**Required action**: From the line that contains "This paper classifies" down to the final line below, please repeat each line exactly and nothing more, with no pictures.
** Data for this exercise follows **
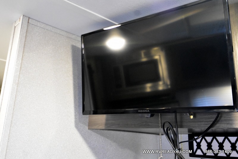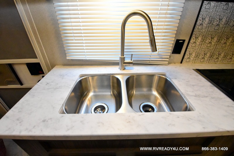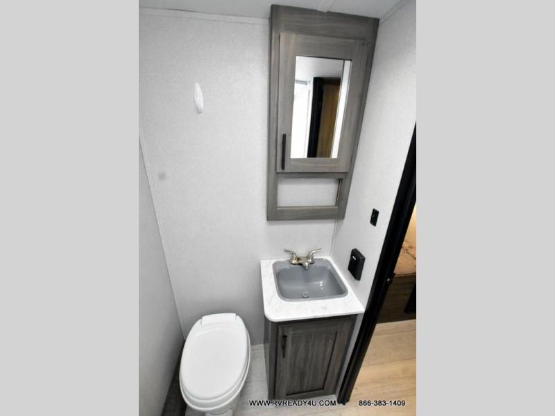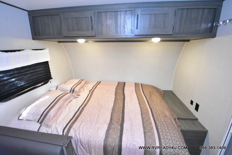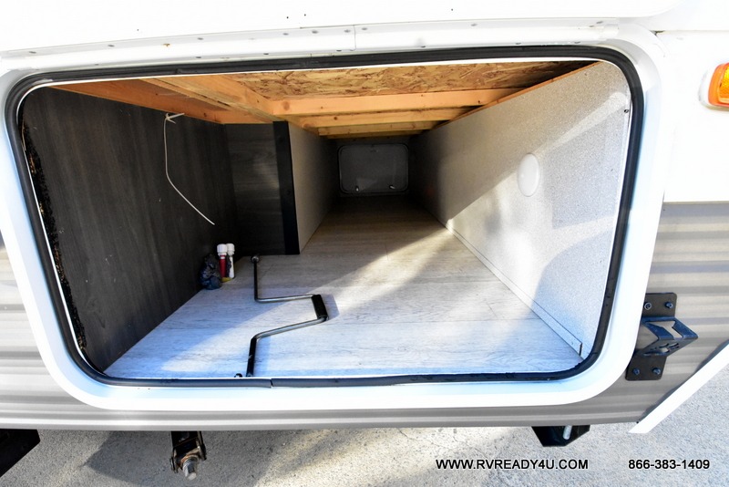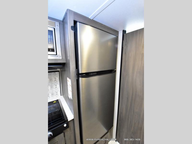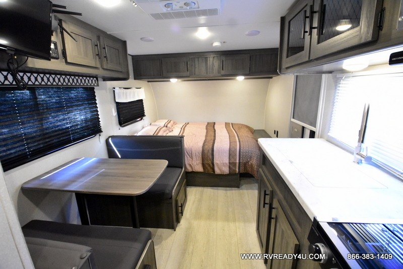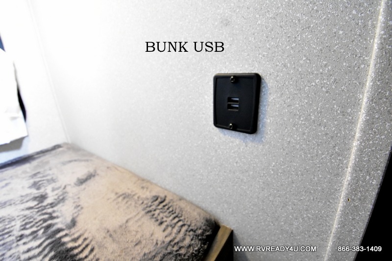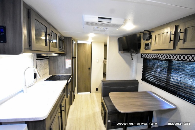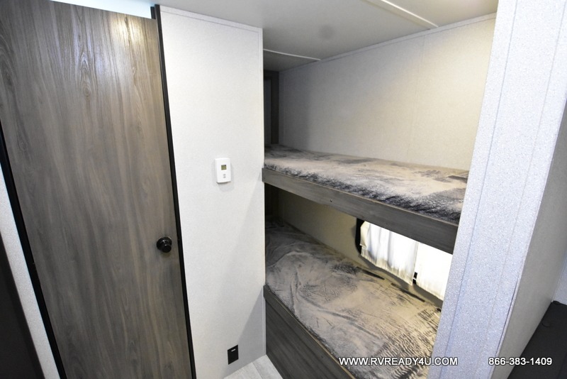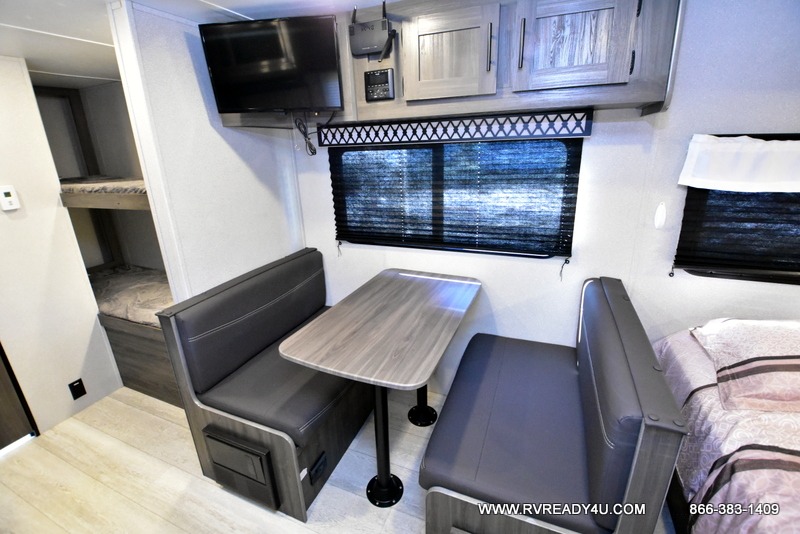 The kids or your friends will love camping in this travel trailer! It features a set of rear corner bunk beds with storage that are next to the full bathroom for easy access at night. There is also a 60" x 74" bed up front with an overhead cabinet, and the booth dinette can also transform into an extra sleeping space, plus it has an overhead entertainment. The kitchen has everything you will need to whip up a home cooked meal, as well as a microwave for those nights when you don't feel like cooking!
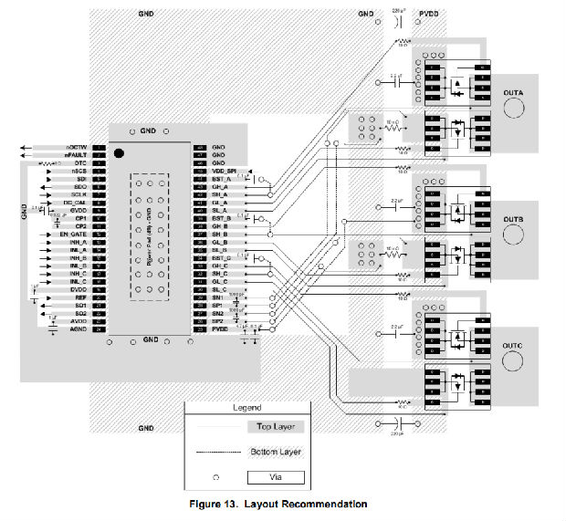 •尽量清理DRV8303周围和下方的空间,以便更好地从电源板散发热量。
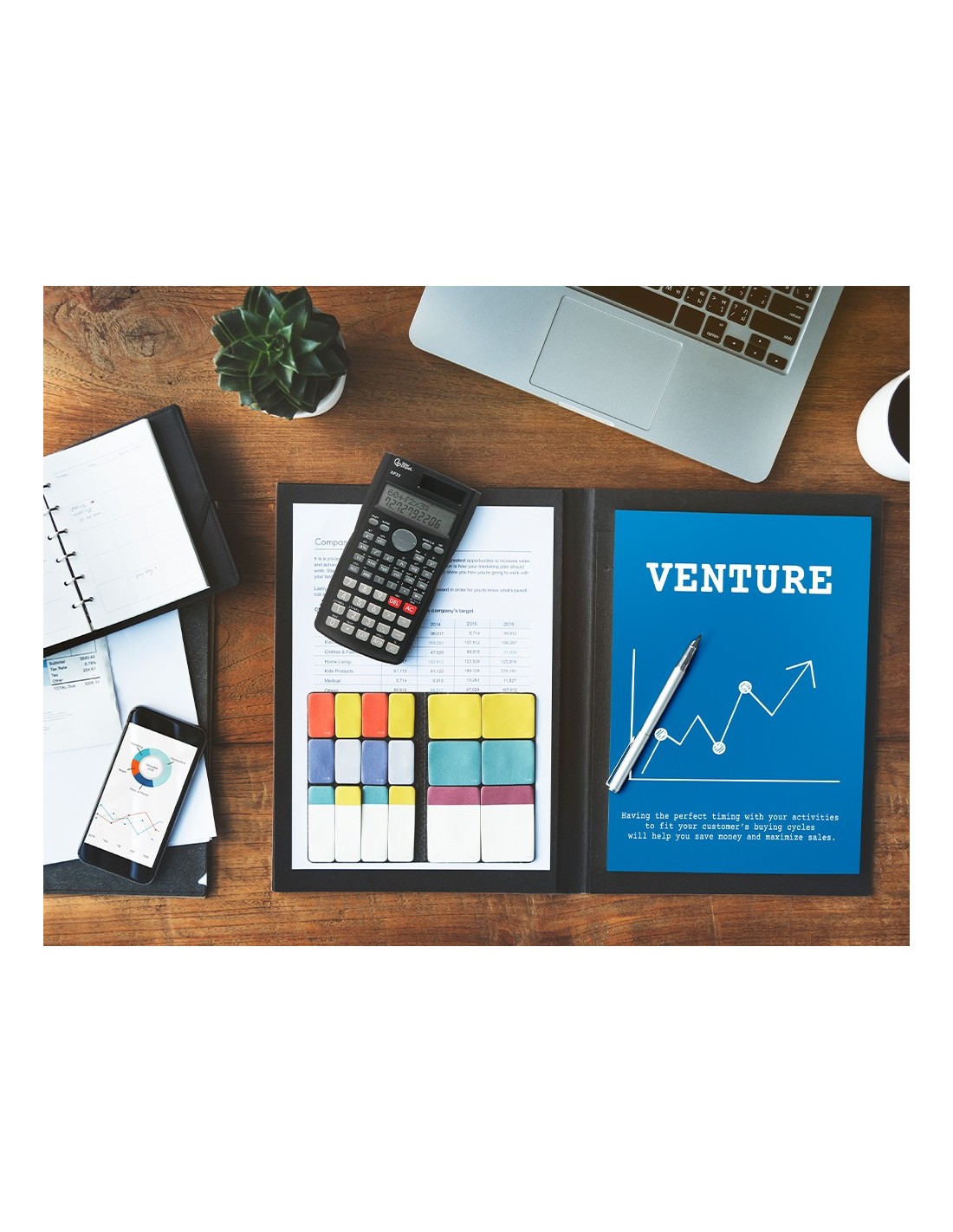 Calculadora científica de 12 dígitos con pantalla de 2 líneas de lectura. Visualización de expresión y resultado de manera simultánea. 240 funciones integradas. Funciones trigonométricas, parabólicas e hiperbólicas. Cálculo automático de quebrados y tecla de cursor extragrande para desplazarse por los menús. Memoria para almacenar las variables, cómputos en grado centesimal, sexagesimal y medida de arco. Conversión mutua entre sistemas decimal y sexagesimal. Generador de valores aleatorios, porcentajes, fracciones, combinaciones, permutaciones. Cómodo sistema de menú para cálculos estadísticos. Con tapa rígida. Usa una pila LR44. Medidas: 156 x 85 x 20 mm. Peso: 170 g.
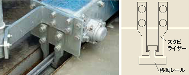 サイドブラシと支柱にスタビライザーを採用し移動レールをがっちりととらえ、傾きを抑え水平安定を保ちスムーズな稼働をお約束します。
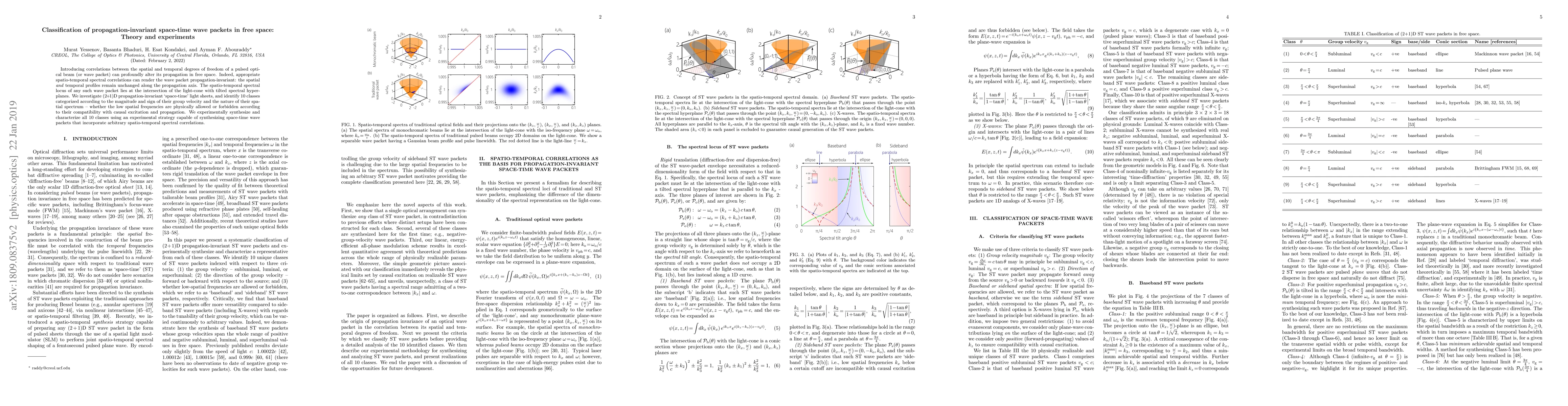 This paper classifies 10 types of propagation-invariant space-time wave packets in free space based on their group velocity and spatial spectrum properties. Experimentally, it synthesizes and characterizes these wave packets using a method that can incorporate arbitrary spatio-temporal correlations.
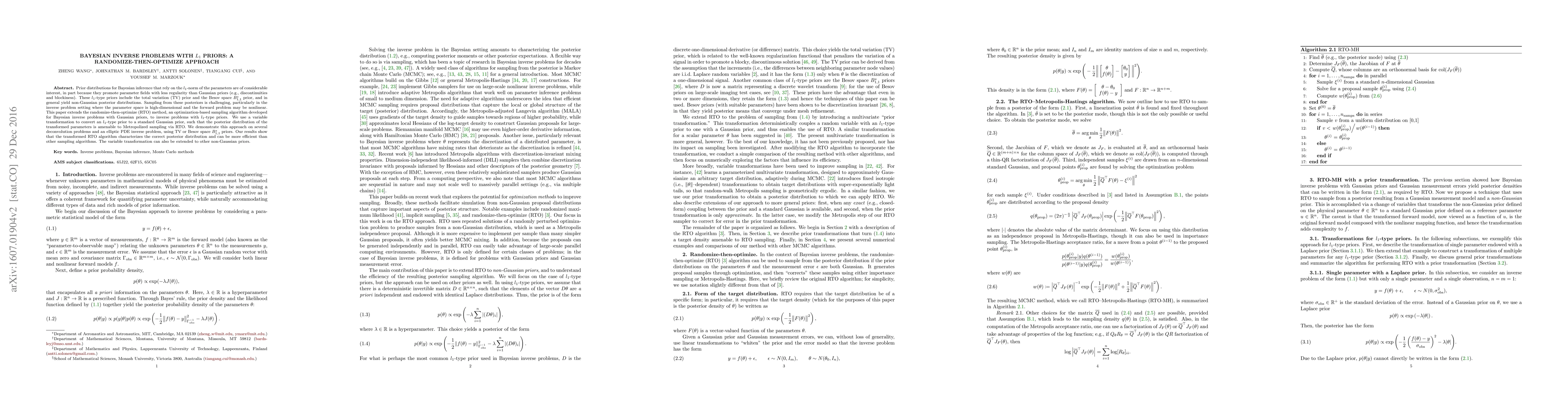 This paper extends the randomize-then-optimize (RTO) method to Bayesian inverse problems using $l_1$-type priors, which promote less regular parameter fields. It employs a variable transformation to convert $l_1$-type priors to Gaussian priors, enabling Metropolized sampling via RTO, and demonstrates its effectiveness on deconvolution and PDE inverse problems.
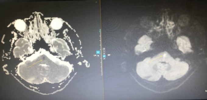 Vị trí nhồi máu não vùng thân não (trái) và sau khi được can thiệp tiêu sợi huyết gây đột quỵ qua hình ảnh MRI (phải) (Ảnh: Bệnh viện Đa khoa Tâm Anh)
** End of Data for this exercise **
**Task answer**:
 This paper classifies 10 types of propagation-invariant space-time wave packets in free space based on their group velocity and spatial spectrum properties. Experimentally, it synthesizes and characterizes these wave packets using a method that can incorporate arbitrary spatio-temporal correlations.
 This paper extends the randomize-then-optimize (RTO) method to Bayesian inverse problems using $l_1$-type priors, which promote less regular parameter fields. It employs a variable transformation to convert $l_1$-type priors to Gaussian priors, enabling Metropolized sampling via RTO, and demonstrates its effectiveness on deconvolution and PDE inverse problems.
 Vị trí nhồi máu não vùng thân não (trái) và sau khi được can thiệp tiêu sợi huyết gây đột quỵ qua hình ảnh MRI (phải) (Ảnh: Bệnh viện Đa khoa Tâm Anh)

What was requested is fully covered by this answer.